ところが、骨を壊す細胞というのは、感染予防の役割も担っているので、その働きを抑えてしまうと、細菌感染しやすくなるリスクがあるのです。特に口腔内というのは多くの細菌が生息しているため、感染リスクが高くなります。
ビスホスホネートを服用している方が、抜歯やインプラント等の外科的治療を受けると骨が細菌感染によって壊死してしまうことがあります。そのため、この薬を飲んでいる方には通常このような外科処置は避けます。
骨粗しょう症になると骨の密度が低くなるため、通常よりも骨とインプラントの結合期間が長く必要になります。また、これは全てのケースに対して言えることですが、インプラントが一度骨に固定されたとしても、しっかりとお口のケアをしなければインプラント周囲炎を起こしてインプラントが抜け落ちてしまうことがあるので注意が必要です。

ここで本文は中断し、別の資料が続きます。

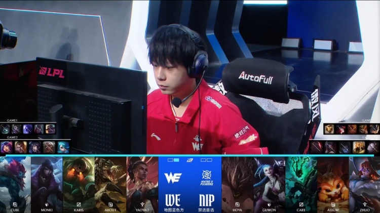 第二局前期yaoyao泰坦连死两次,小龙团About厄斐琉斯遭Monki石头人拍脸,后者拿到双杀,NIP打出0换3经济领先2k。紧接着yaoyao泰坦钩Assum金克丝帮助About拿到终结,Monki大人头送给Karis梅尔,WE扳平前期劣势。

骨粗しょう症の方がインプラントを含む口腔内の外科処置を必要とする場合、骨粗しょう症の治療薬の開始前に外科処置を済ませるか、すでに薬を投与中の場合は担当医と相談の上、ある一定期間服用を中止して外科処置を行うこともあります。ビスホスホネート以外の骨粗しょう症の薬を使っていただくのも一つの選択肢です。
いずれにしても、慎重に対応する必要がありますので、骨粗しょう症の方はまずは状況をよく確認させていただいた上で、インプラント治療の相談をさせていただきます。どうぞ理解のほど、よろしくお願いします。